You probaly need to use preg_match_all()

$matches = array();
preg_match_all('`\<div(.*?)class\=\"content\"(.*?)\>(.*?)\<\/div\>`iUsm',$html,$matches,PREG_SET_ORDER);
foreach($matches as $m){
  // $m[3] represents the content in <div class="content">
}
thephpdeveloper
-1 Regexes to process serverside HTML is an awful suggestion.
cletus
What happens if the xml contains two spaces between `div` and `class`, or an extra `id` field? If find this solution rather brittle.
xtofl
It's good enough solution depending on the task. Converting HTML to XML also has its pitfalls.
serg
Who said anything about converting HTML to XML? Dealing with an HTML DOM has **way less** "pitfalls than regexes, which are for this task nothing more than a dirty hack.
cletus
A: 

There not much you can do short of using string manipulations function or regular expressions. you can load your HTML as XML using the DOM library and use that to traverse to your div, but that can become cumbersome if your not careful or if the structure is complex.

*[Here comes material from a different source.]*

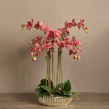حوّل أي مساحة معيشة إلى ملاذ هادئ مع ترتيب الأوركيد الجميل هذا. مصنوعة من بساتين الفاكهة الحريرية بلمسة حقيقية ، تبدو هذه الزهور حقيقية بشكل ملحوظ من البتلات إلى الجذور. يتكامل وعاءهم المعدني المعدني المزخرف بشكل جميل مع الأوراق الخضراء والأزهار البيضاء أو الوردية. الترتيب حجم المزهرية الحجم الارتفاع الارتفاع القطر صغير 66 سم / 26 بوصة 10 سم / 3.9 بوصة 29 سم / 11.4 بوصة كبير 74 سم / 29.1 بوصة 12 سم / 4.7 بوصة 29 سم / 11.4 بوصة

http://ca3.php.net/manual/en/book.dom.php

Laurent Bourgault-Roy
'could', 'cumbersome', ... think positive, man! There's a solution to every problem!
xtofl
A: 

It looks like Kalem13 beat me to it, but I agree. You could use the DOMDocument class. I haven't used it personally, but I think it would work for you. First you instantiate a DOMDocument object, then you load your $html variable using the loadHTML() function. Then you can use the getElementsByTagName() function.

Abinadi
+2  A: 

Assuming this is just a simplified case in the OP and the real situation is more complicated, you'll want to use XPath.

If it's really complex, then you may want to use DOMDocument (with DOMXPath), but here's a simple example using SimpleXML

$xml = new SimpleXMLElement($html);

$result = $xml->xpath('//div[@class="content"]');

while(list( , $node) = each($result)) {
    echo $node,"\n";
}

Since you explicitly asked about creating an array for this, you could use:

$res_Arr = array();
while(list( , $node) = each($result)) {
    $res_Arr[] = $node;
}

and $res_Arr would be an array with the contents you're looking for.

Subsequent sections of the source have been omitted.